Thank you for helping him.


----------



## xxFemmexx (Aug 24, 2009)

Thank you for helping this needy bird.

Is the bird pooping okay?

Where are you located, perhaps we can help? The bird needs to be seen by an avian vet or rehabber asap.

Does the bird have an arched back and lobster tail?

Could be a hen with egg stuck, meanwhile you can try the following.

The bird needs a calcium supplement too, you can give a liquid calcium or tablet, 1/4th of a human serving.

Allow the bird to bathe on its own, either in a plastic tub, or you can provide some necessary humidity, by enclosing the bird in a steam filled bathroom, without it having access to hot water.

Wild bird seed will do for feed. Also, try a drop of olive oil down the throat to help lubricate the tract.

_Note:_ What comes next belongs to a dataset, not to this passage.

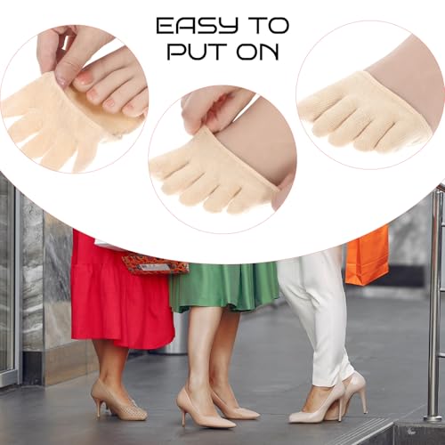 More information about 6 Pairs Toe Topper Socks Women, Invisible Toe Socks for Women, Non-Slip Five Toes Forefoot Pads, Half Sock for Heels to Relief Pain (Black and Light Khaki)

No need to thank me...I enjoy helping animals and will always do what I can to save/help them! 
Yes, Pidgey pooped pretty well during the night...all white and a bit pasty. I am in Miami...North Miami to be exact...zip code is 33181. I do not have a car, and I am in a wheelchair, so going really far is limited. I can use the buses, so I suppose I can put him in a box and take him somewhere that way if I get get to it by walking (rolling...lol).
His back IS pretty rounded and well...lobster tail? Sort of. He can move it up a down some, but it just doesnt look straight.
You've been VERY helpful, and I'll do all of what you suggest. If you can tell me who I can call/visit to help, I will do whatever it takes. I considered taking him to our vet (we have a dog and a ferret) but he doesn't do bird care. Don't worry, dog or ferret can't get to Pidgey...I made sure of that. Ferret is caged and we put Pidgey in the bathroom where it's warmest and most humid...with the door closed


----------



## xxFemmexx (Aug 24, 2009)

Before trying to diagnose your pigeon, you should know possible symptoms and their meaning. Tail down and swollen back is actually abdominal pain. His tummy hurts and he bends his back.
Beside this you must pay attention on he’s a poop – color, water content, forming.
Open his beak and look inside – what color is his mouth, any strange lesions, mucus, smell.
Check his vent – is it clear are feathers mated dirty.
Eyes – bright or dull, does it keeps them closed.
Feathers – ruffed or smooth.
Does it eat a lot how often.
Does it drink water a lot, how often.
Anything else that you notice posture, movement. Does it preen his feathers, does stretch wings.
All these details will help diagnosing bird. There are several possible diseases in pigeons with very similar symptoms. Sometimes the smallest details helps.
Please note that even if your pigeon is ill, this is not dangerous or contagious for you.
Thank you for helping him.

Let's see if I can answer YOUR questions. And no need to worry, I'm not afraid of catching anything...I'm more interesting in helping this little one. My husband is a veritable "Dr Doolittle". Animals love him, and he loves them. When he was placing the bird down in the box, he didn't want to go, and sat there on hubby's arm just looking at him...not afraid in the least.
He's not smelly, there's nothing oozy that I can find, no wounds or seeming fractures of any kind. His back end did feel a bit more puffy than I think it should...I thought it should feel a bit more tapered..that's why I thought of the uropygial blockage or infection. His eyes are a beautiful golden brown and he seems alert, but just very quiet. He moves his head to watch us, but just doesnt seem very active. We were feeding it a bit of bread at Home Depot just to see if it was hungry and to get it to trust us enough to get close. It did eat. But I want to feed it something more suited for what they are SUPPOSED to eat. Hubby ran some warm water in the tub and let him move around a bit in the water and he seemed to enjoy that and drank from it as well.
He does flap his wings when you pick him up, and looks like he's TRYING to fly, and will walk and flutter away from you when you walk toward him, but doesn't seem like he's got the strength or ability to want to REALLY get away. He just kinda sat there and let my husband pick him up, even though he did flutter at first....he calmed right down.
No, he's not preening at all. Just kinda sits there...not very active.


----------



## FloridaLuv (Dec 19, 2008)

I would encourage you to PM one of our Moderator's Reti- she lives in Miami and may be able to help you out. She would surely be able to tell you which vet to use.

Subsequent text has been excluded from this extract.